Poet X sorprende primero por sus preciosas portadas que representan a Xiomara y los versos que revolotean alrededor de su cabeza en todo momento, estampado en naranja fuerte y el morado (un color asociado con el feminismo moderno hoy en día). 

En una tapa blanda que no busca ahorrar en papel, los poemas de Xiomara tienen una continuación narrativa y funcionan de forma de diario. En los primeros, Xio nos presenta a su familia y a sus amigos, su vida siendo invisible y las consecuencias del entorno machista en el que va creciendo. Pero conforme vamos avanzando, descubriremos cómo los sentimientos de la joven, al igual que sus versos, se vuelven a veces inestables. Las sílabas y las estrofas se separan, las palabras se deforman y toman posesión del papel de forma descolocada, aportándole una ruptura en al lectura necesaria al texto para transmitir toda la emoción que guardan sus versos. 

Una madre en el extremismo cristiano y el machismo de crecer en esa sociedad 

La madre de Xiomara es uno de los pilares de la vida de la joven alrededor de la cual giran sus temores y preocupaciones. Lejos de tener un apoyo familiar en el que poder desarrollarse, el hogar de Xiomara se revuelca en el sentimiento de culpabilidad (culpable por ser gorda, culpable por tener curvas, culpable por ser mujer) hasta el punto en que la joven misma se arrepiente de haber nacido. 

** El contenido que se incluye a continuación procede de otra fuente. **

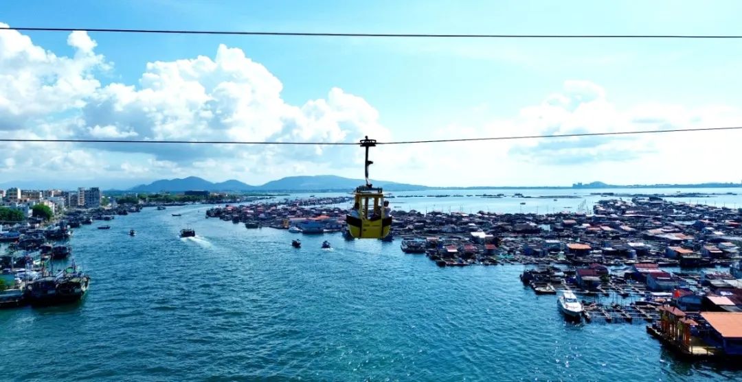 2138米长的跨海旅游观光索道成为南湾猴岛核心“重头戏”。缆车之行,浓郁的疍家文化扑面而来,高空俯瞰渔村部落,海上人家餐厅蓬勃,可见渔民用勤劳的双手编织一张张织沙渔网,投喂网箱中养殖的海洋生物。傍晚时分,渔家唱晚,疍歌示情,一艘艘渔船扬帆出海,载着百户收获的愿景,驶往大海远行作业,期待此行渔获满满,“疍韵”文化尽收眼底。

Obsesionada con Dios, la madre tuvo que acceder a un matrimonio de conveniencia y dejar de lado su única pasión (la iglesia) para mudarse a otro país en el cual poder sobrevivir. Desde allí, demasiado mayor como para tener hijos (y menos mellizos), la madre se convertirá en la enemiga de su hija con continuas perspecuciones, gritos y acusaciones que retratan lo que viven cientos de hijos de inmigrantes que se vieron forzados por sus creencias a tener hijos que no querían o no sabían educar

Las consecuencias de este trato se resumen en una simple palabra: degradación. Xiomara como niña no es consciente del trato diferente que se le da simplemente por ser mujer y mientras su hermano (al que ella cariñosamente llama Melli) acude a un centro para niños superdotados, a nadie le preocupa que ella vaya a una institución con un historial de peleas de bandas y venta de drogas en las aulas. Si un hombre se interesa por ella, rápidamente será la joven de quince años la culpable mientras su familia, tóxica hasta más no poder, la humilla y la culpa por el simple hecho de crecer, de opinar, de tener voz y de sentir como siente. 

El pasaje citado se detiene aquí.